Recorded data:
☆ ☆ ☆

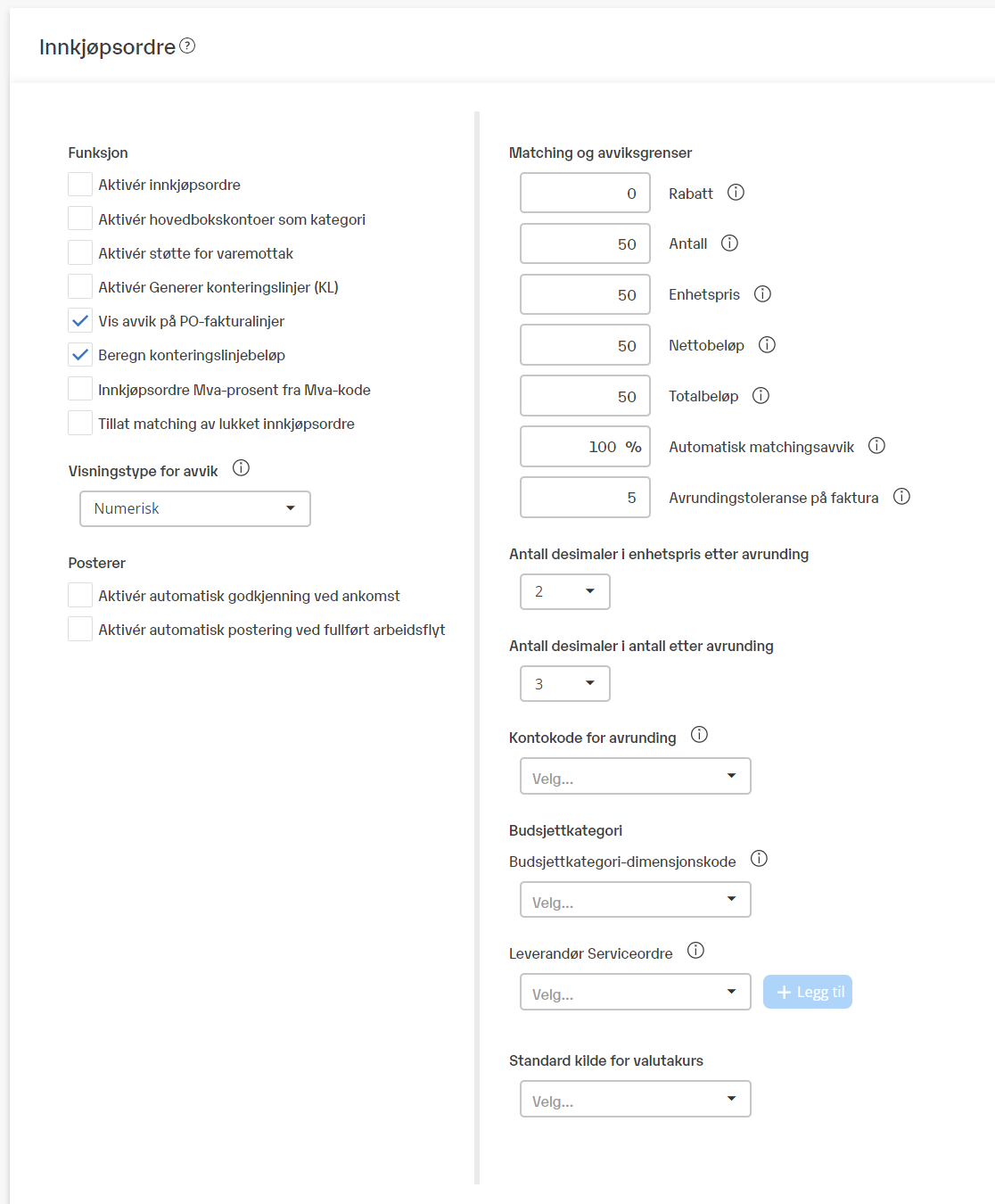 Matchingforslag over grenseverdien vil påføres automatisk på fakturalinjen. - Avrundingstoleranse på faktura
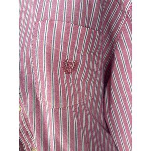 Chaps Mens Button Down Stretch Oxford Long Sleeve Pink Striped Shirt XXL
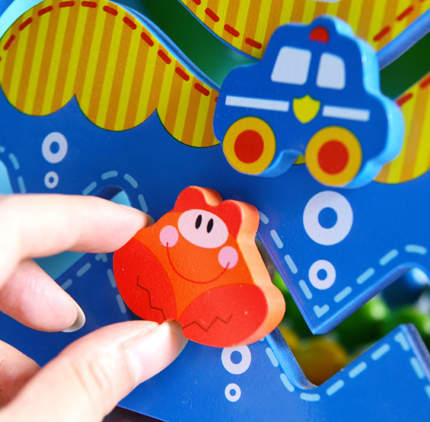 Joc educativ din lemn, Litere si cifre-Geoboard, 3 ani+
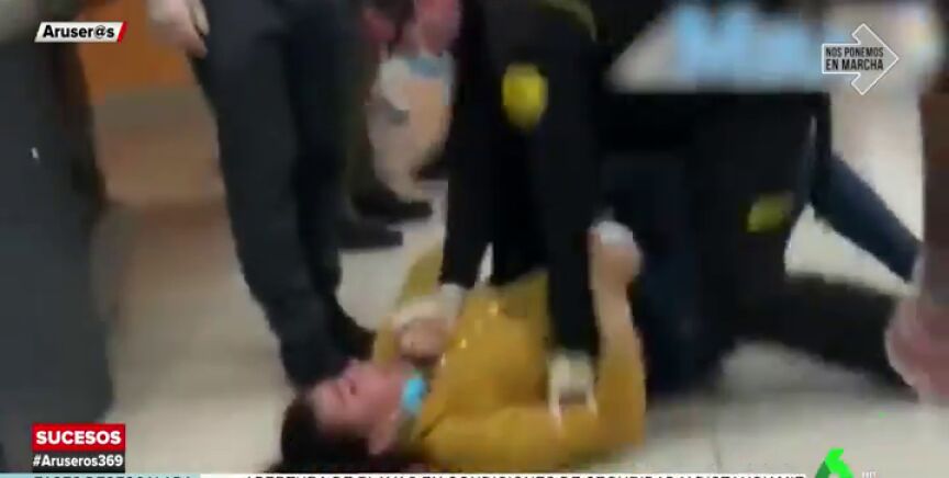 Más tarde, un grupo de boinas verdes del Mando de Operaciones Especiales proceden para llevarse detenida a la mujer tras las agresiones. Mientras está reducida en el suelo la agresora insta a otra mujer a que ataque a los militares: "Pégales un cabezazo".
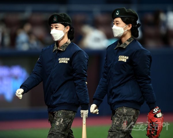 코로나19를 위해 헌신한 간호장교 신나은, 신다미 쌍둥이 자매가 시구, 시타를 마친 뒤 경기장을 빠져나가고 있다.
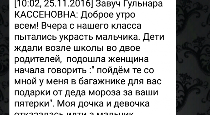 В WhatsApp и социальных сетях распространялась информация, исходящая якобы от завуча школы № 5 Гульнары Кассеновны: "Вчера с нашего класса пытались украсть мальчика. Дети ждали возле школы во двое родителей, подошла женщина начала говорить :" пойдем те со мной у меня в багажнике для вас подарки от деда мороза за ваши пятерки". Моя дочка и девочка отказалась идти, а мальчик пошел. Только благодаря тому, что девочки стали плакать и кричать "не ходи", их услышали и побежали за женщиной, та бросила ребенка и убежала, за углом ждала машина" (орфография и пунктуация сохранены).
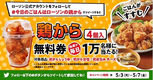 ローソンの公式Twitterアカウントで行われている『#今日のごはんはローソンの鶏から !Twitterキャンペーン』をご紹介! #今日のごはんはローソンの鶏から !Twitterキャンペーン 出典:ローソン (@akiko_lawson) | Twitter 【賞品】 鶏から4個 しょうゆ/旨…
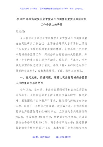 / 在2025年市药械安全监管重点工作调度会暨安全风险研判工作会议上的讲话
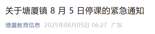 东莞市塘厦镇发布停课通知:决定 8 月 5 日塘厦镇中小学、幼儿园、校外培训机构、校外托管机构(以下简称“学校”)停课 1 天。
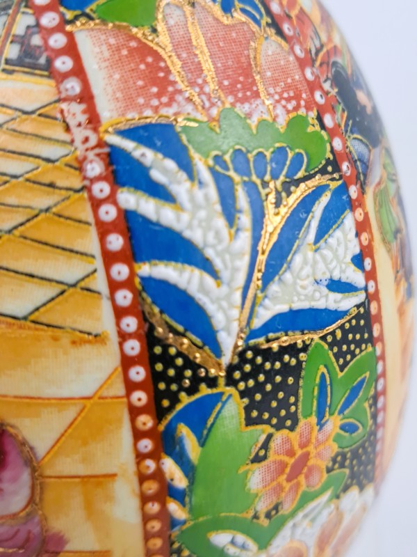 Ovaalvormig sierobject met rijk gedetailleerde taferelen van muzikanten en hofscènes. Veel gebruik van goudaccenten en verhoogde schildertechniek (moriage). Typisch voor Satsuma-invloeden, maar waarschijnlijk decoratief werk uit het midden tot eind 20e eeuw.
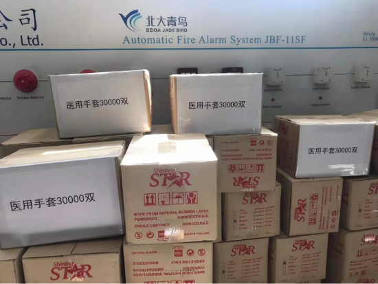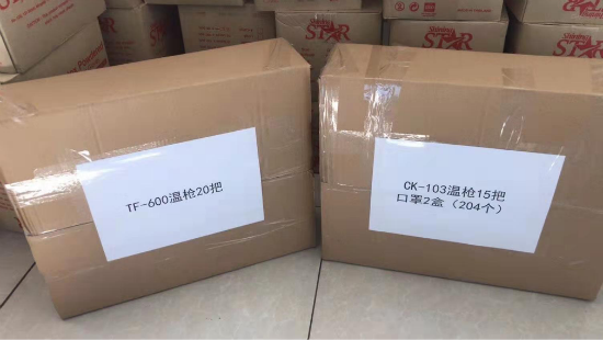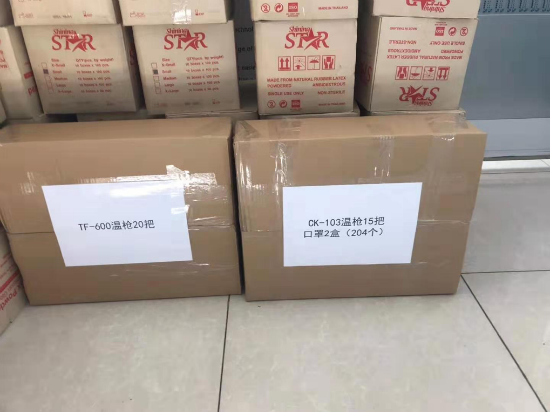 第二批爱心物质 ,医用手套30000双、医用口罩10204个、测温枪35把已准备完毕。

☆ ☆ ☆

Work to be completed: Set down exactly, with no additions, each line from the line that includes "Ovaalvormig sierobject met" to the final line of the entries above; leave pictures out.

Exercise solution:
 Ovaalvormig sierobject met rijk gedetailleerde taferelen van muzikanten en hofscènes. Veel gebruik van goudaccenten en verhoogde schildertechniek (moriage). Typisch voor Satsuma-invloeden, maar waarschijnlijk decoratief werk uit het midden tot eind 20e eeuw.
 第二批爱心物质 ,医用手套30000双、医用口罩10204个、测温枪35把已准备完毕。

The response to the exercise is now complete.